Eric Helman, of the Amato Law Group, representing Verizon, is seeking the following variance(s) from the Village Zoning Code in connection with the roofmounted public utility wireless communication facility application, §575-119 D: The maximum permitted building height is 31 feet or three stories. The proposed building height is 51.25 feet and four stories. Variances of 20.25 feet and one story are required.

Evelyn Huang, a new mom who moved to the area a couple of years ago, learned a lot from the experts who spoke at the first meeting and is against the proposal.

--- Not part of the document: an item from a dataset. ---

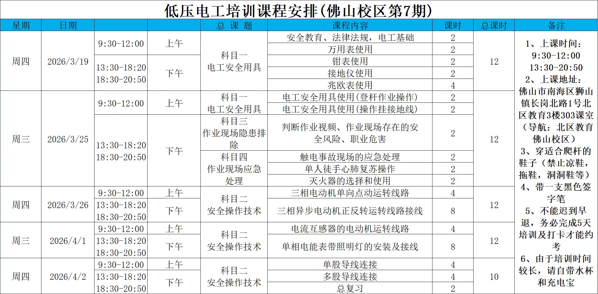 26年低压7期:3月19号开课。(南海狮山)

“The tower is a violation to the current zoning code,” she explained. “We love our community and we need to protect it and the residents. If they pass these variances, which are really violations, it’s going to affect our village a lot. It will bring more zoning violations as other businesses ask the village for more and more violations. Now, it’s a very nice residential area, but it will become more commercial. And, it will not benefit us; it will benefit Plandome and Manhasset. They confirmed that at the first meeting. Plus, there’s no data to show that this is safe.”

Diana Raines Shapiro couldn’t agree more. “I am from a third-generation family in Great Neck and am extremely concerned about Verizon Wireless’s request to the Village of Great Neck to build a cell tower on East Shore Road,” she said. “Not only would this be an eyesore, but would depreciate the value of our homes, be a health hazard and, as the service area would be for Plandome, would have no benefit to the Great Neck Community.”

5 COMMENTS

  1. Same idiots will be complaining about bad service and wonder when Verizon will fix it. Um….DUH Also LOWER property values. Sorry Luddites but having good cell service will INCREASE your property values. Same dolts worried about “radiation” go outside without sunscreen where they are getting thousands of times more radiation from the sun.

  2. Thank you for reporting this story, Sheri. My family lives close to the proposed tower. I am very concerned of the long-term impact of the cell phone tower to the health of my 5-year old and a new born baby. we love this community but have to sell our house if the tower is approved to be built. It is frustrating that Verizon kept postponing the hearing. I hope Verizon withdraw the application.

    A company has social responsibilities and should do “no evil” to the sociaty. It is evil to build a high frequency cell phone tower in such a dense residential area.

  3. It would be an absolute mistake if this tower isn’t built. People in great neck, especially in the Kings Point area have been suffering from poor connection and signal strength for years.